Web interface

The darcs web interface allows you to conveniently browse the information stored in a repository. You can view the repo by file and see the history of that file as various patches were applied, or you can browse in patch view mode, seeing which files were modified in each patch.

The darcs_cgi cgi script allows you to browse changes made in your darcs repository via the web. To use it with apache, you can install it using make installserver, and create a cache directory at /var/cache/darcs. This cache directory must be writeable by the cgi script, which for me means chowning it to the user and group www-data. Finally, you should create a directory named repos in /var/www, in which you will place symlinks to the repos themselves. Once all this is done, the user can then browse the repos at http://your.site/cgi-bin/darcs.

The repos directory is configurable via the configuration file /etc/darcs/cgi.conf. This file can contain comments (any line starting with a `#' char) and key value pairs with an equal sign in between. For example:

# This is an example for cgi.conf

# reposdir is the directory containing the repositories

reposdir = /var/www/repos

# cachedir is a directory writeable by www-data (or whatever user your cgi
# scripts run as) which is used to cache the web pages.

cachedir = /var/cache/darcs

# The following are used by darcs.cgi (not darcs_cgi)
PATH = /bin:/usr/bin:/usr/local/bin

# paths to executables, or just the executables if they are in 'PATH'
#darcs = darcs
#xsltproc = xsltproc

# Path to XSLT templates (default is /usr/local/share/darcs/xslt)
xslt_dir = /usr/share/darcs/xslt

# HTTP request path of the style sheet, the default will magically read 
# /etc/darcs/styles.css
#stylesheet = /cgi-bin/darcs.cgi/styles.css

The page, http://your.site/cgi-bin/darcs, displays a listing of all repos available on the server. From this page, the user can get to any available repository.

Clicking on a given repository will take you to the file view page of that repository, which shows a listing of all the files in the repo.

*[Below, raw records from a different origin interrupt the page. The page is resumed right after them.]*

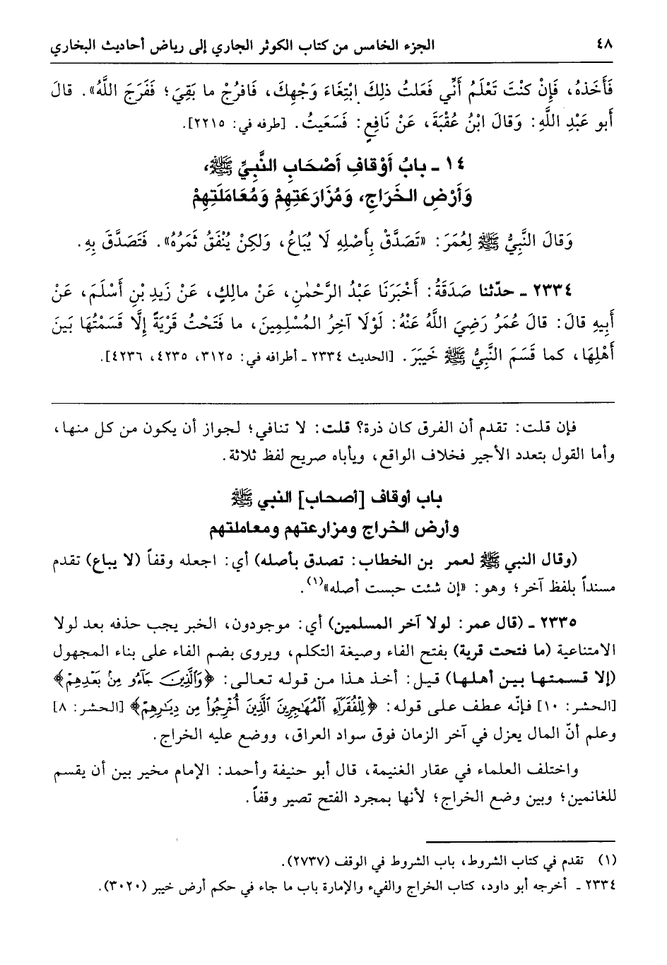 باب أوقاف [أصحاب] النَّبِيّ -صلى الله عليه وسلم- وأرض الخراج ومزارعتهم ومعاملتهم
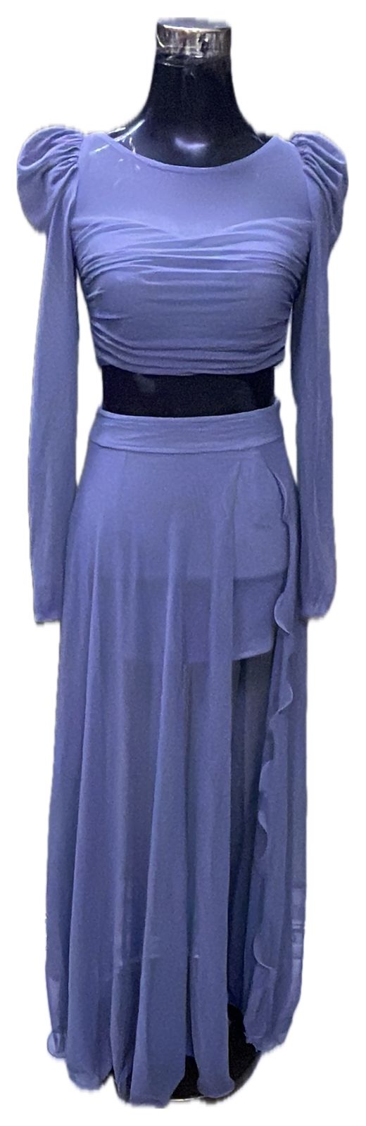 grey two piece Indo western high waist two piece with full sleve with stretch net
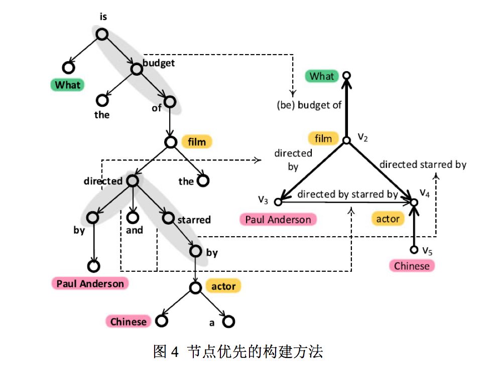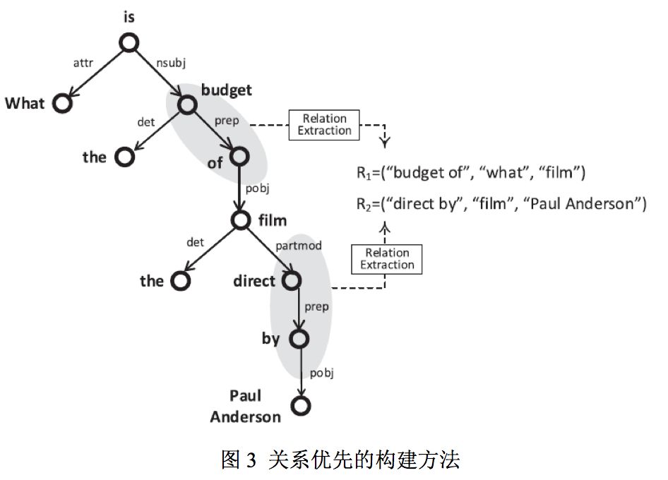 1) 关系优先的构建方法 (SIGMOD2014[1]) 先通过谓词复述词典识别问题中的关系(谓词),再通过启发式规则确定关系两边的节点(实体/疑问词)。一些相关工作中使用神经网络来进行关系抽取的方法往往将问题整体作为输入,只能输出一个识别出的关系从而不能回答多跳问题。而该方法通过句法依存树进行模板匹配能识别出多条关系从而可以回答多跳问题。其在 QALD-6 和 WebQuestions 测试集上 F1 得分分别为 0.55 和 0.312。
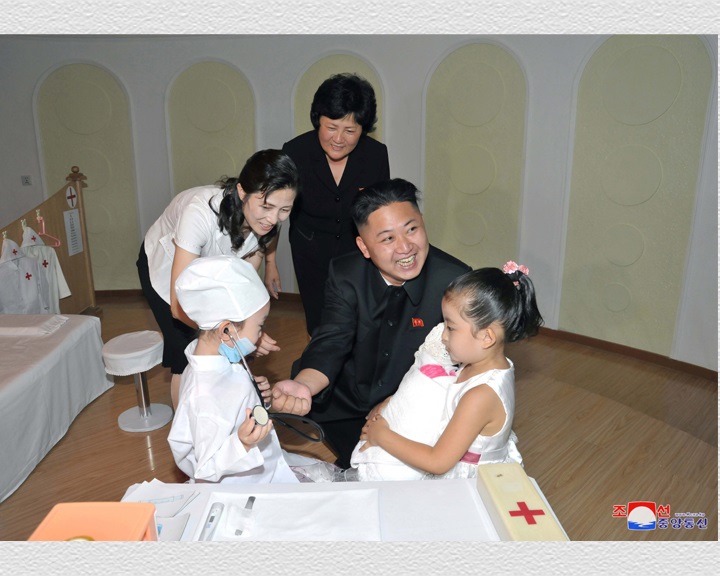 チュチェ101(2012)年7月のある日、金正恩委員長がチャンジョン通り*1に建てられたキョンサン幼稚園を訪れた時のことです。幼稚園の各所を見た金正恩委員長は医者ごっこに夢中になっている子供たちにも会いました。診察ガウンを着て聴診器を首にかけた豆医者が看護婦姿の子供と一緒に座って患者を診察し、治療する真似をしていました。
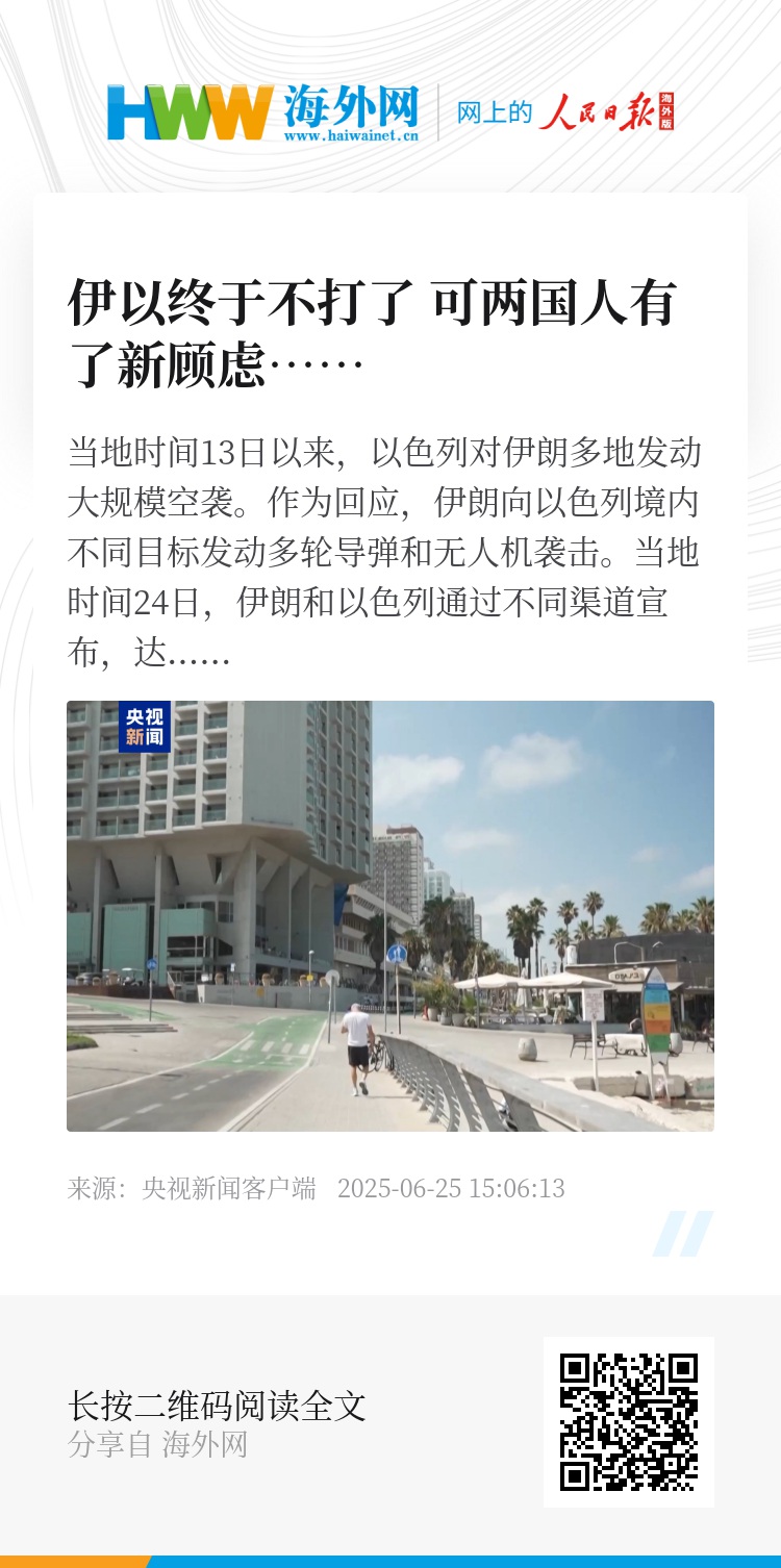 总台驻伊朗记者观察到,当地时间24日晚至25日凌晨,伊朗各地没有再遭到以色列的袭击。但是目前,不少伊朗民众对停火能否持续有疑虑。

This page also has a link to the patch view page, which is a bit more interesting.

In patch view mode, the web interface displays a listing of all the patches in the repo. Clicking on a patch gives a listing of all files that were in the repo at the time that patch was applied.

Clicking on one of the files shows the file contents, with added lines shown in green, and removed ones in red. To the left of each line is a small `+' and `-'. These are links to the patch which added or removed that line.